[Your task]: Span requested from the data below: the line with "実験では、注ぎたてと同等の冷" through the line with "street adda culture.", both included. Give only these lines again, exactly, and leave every picture out.

[Material provided]:
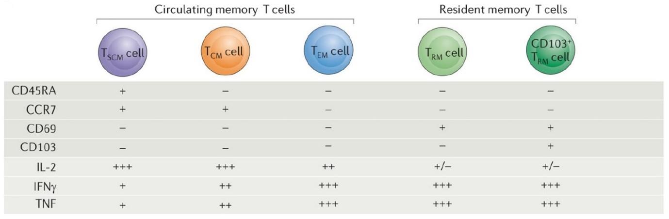 - Memory T cells in humans are identified by their expression of the CD45RO isoform and the lack of expression of the CD45RA isoform (CD45RO+CD45RA−) (Farber, Yudanin & Restifo, 2014). Naïve T cells express CCR7, reflecting their primary residence in lymphoid tissue, whereas memory T cells can be divided into CD45RA−CCR7+ central memory T (TCM) cells, which traffic to lymphoid tissues, and CD45RACCR7− effector memory T (TEM) cells, which can migrate to multiple peripheral tissue sites. Figure 5 would show the different markers that can be used to differentiate between these various subsets.
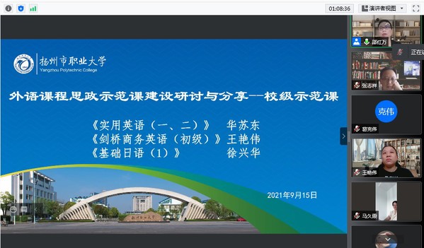 为进一步推进外语教学改革,把课程思政引向深入,服务国家战略需要,9月15日,外语学院举行“外语课程思政示范课建设研讨与分享—校级示范课”在线主题交流会。华苏东、王艳伟、徐兴华三位老师获批校级思政示范课程的老师与学院教师作了专题交流分享。
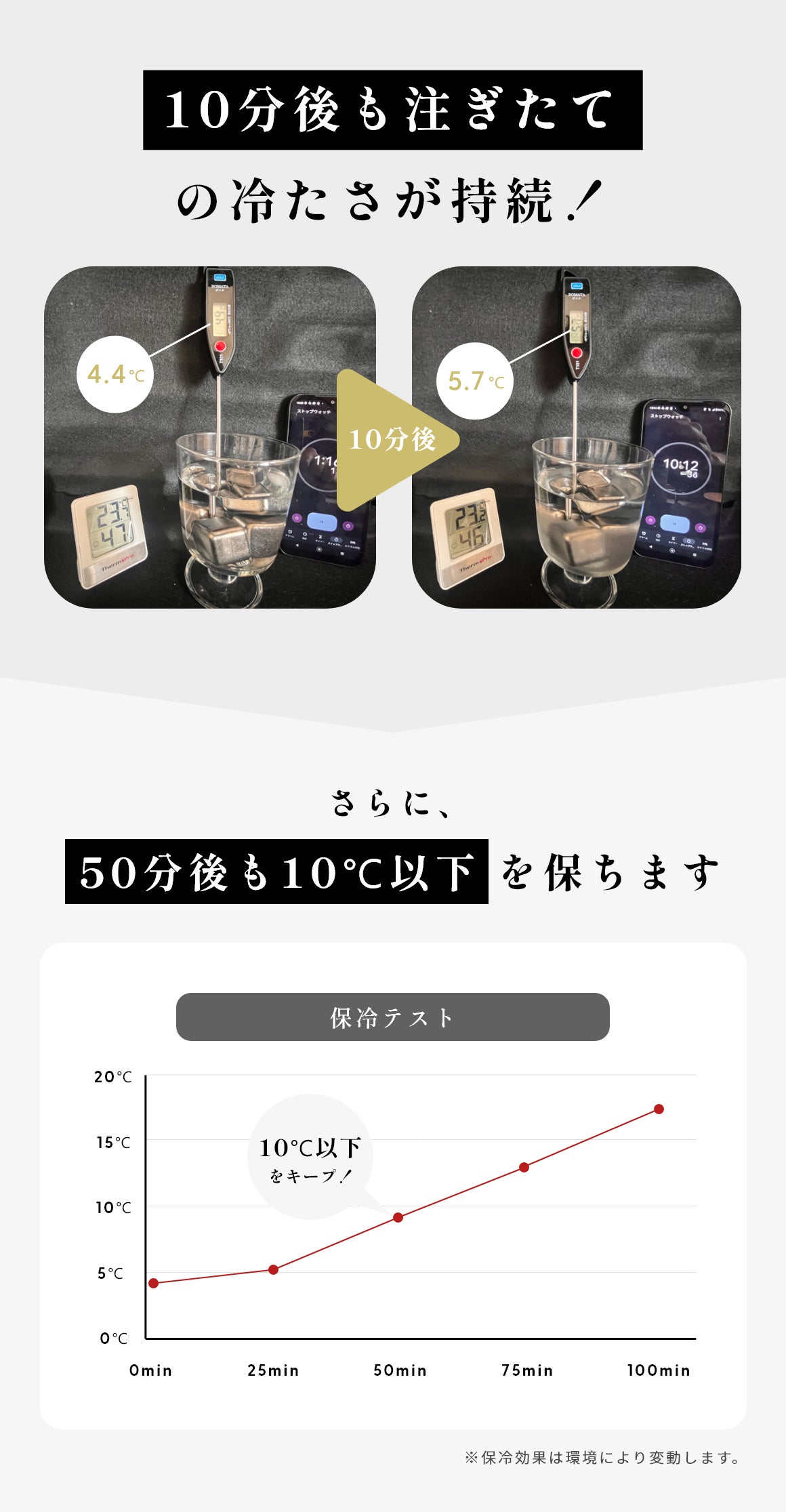 実験では、注ぎたてと同等の冷たさを10分後もキープし、さらに50分後でも10℃以下を維持する結果に。
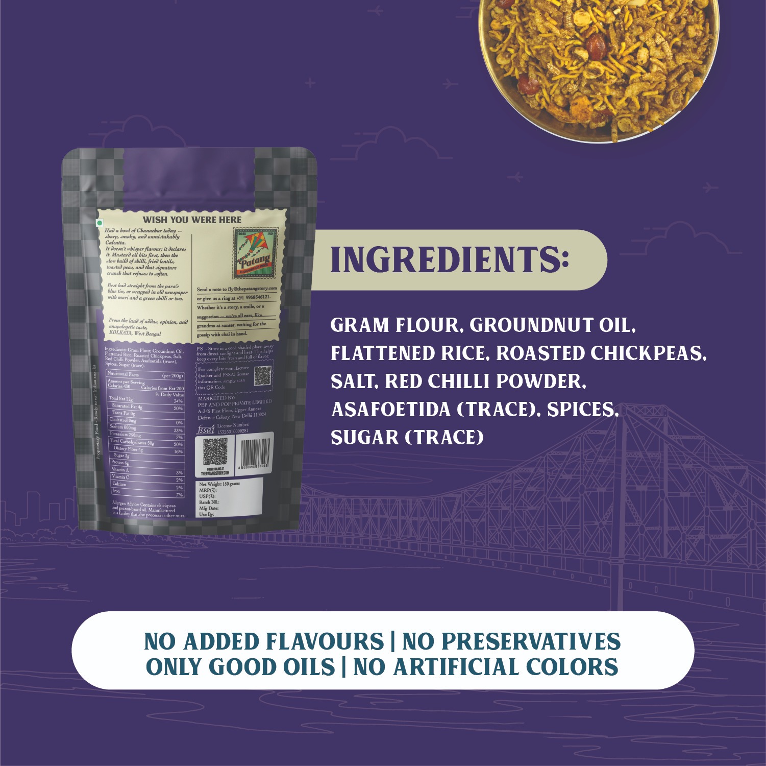 • Iconic Kolkata snack: A tangy and spicy mix of sev, chana, masala peanuts, and fried lentils capturing the vibrant street adda culture.
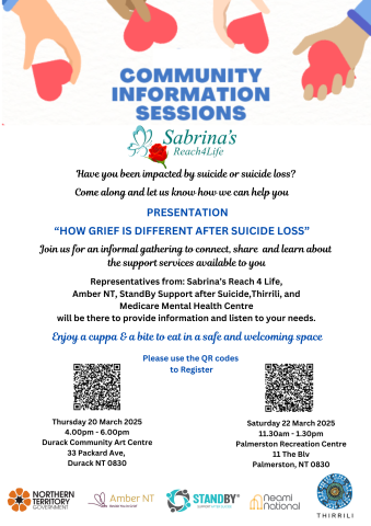 Our aim is to provide peer support to those bereaved by suicide, assist in the prevention of suicide in our community, particularly amongst adolescents, advocate for improvement in services to those in distress, refer those in need to appropriate services or professionals, reduce stigma of suicide by contributing to public awareness and understanding of mental ill health, and fundraise to support research, scholarships and local community initiatives.
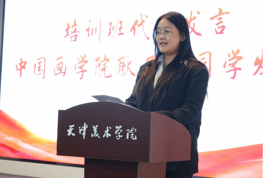 中国画学院2023级研究生、西部计划志愿者耿子瑜同学作为培训班学员代表发言,她结合西部计划的志愿服务经历,表示将牢记习近平总书记对青年的嘱托,以党员标准严格要求自己,在理论学习与艺术实践中锤炼党性,发挥先锋模范作用,把青春奋斗融入党和人民的事业,践行“强国有我”的青春誓言。
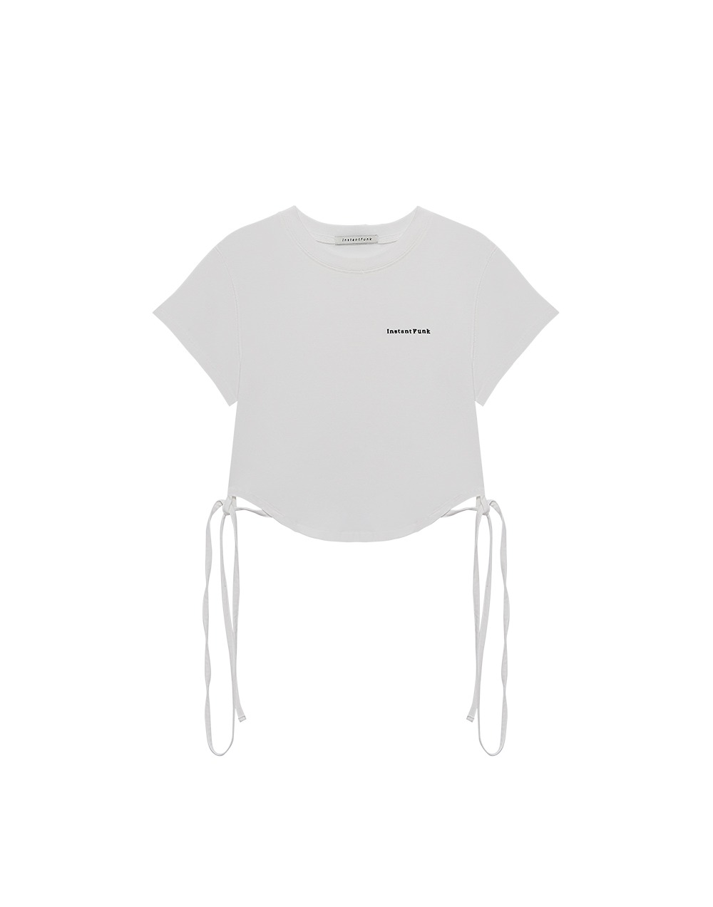 옆선 아래 스트링 디테일로 길게 늘어뜨러 연출하거나, 매듭 지어 착용하거나, 취향에 맞게 코디하기 좋은 아이템이다. 게다가 밑단이 둥근 형태로 디자인 되어 한층 슬림한 실루엣을 연출할 수 있다. 왼쪽 가슴에 위트있게 새겨진 인스턴트펑크 자수 포인트도 눈여겨 볼 것.

[Output for this task]:
 実験では、注ぎたてと同等の冷たさを10分後もキープし、さらに50分後でも10℃以下を維持する結果に。
 • Iconic Kolkata snack: A tangy and spicy mix of sev, chana, masala peanuts, and fried lentils capturing the vibrant street adda culture.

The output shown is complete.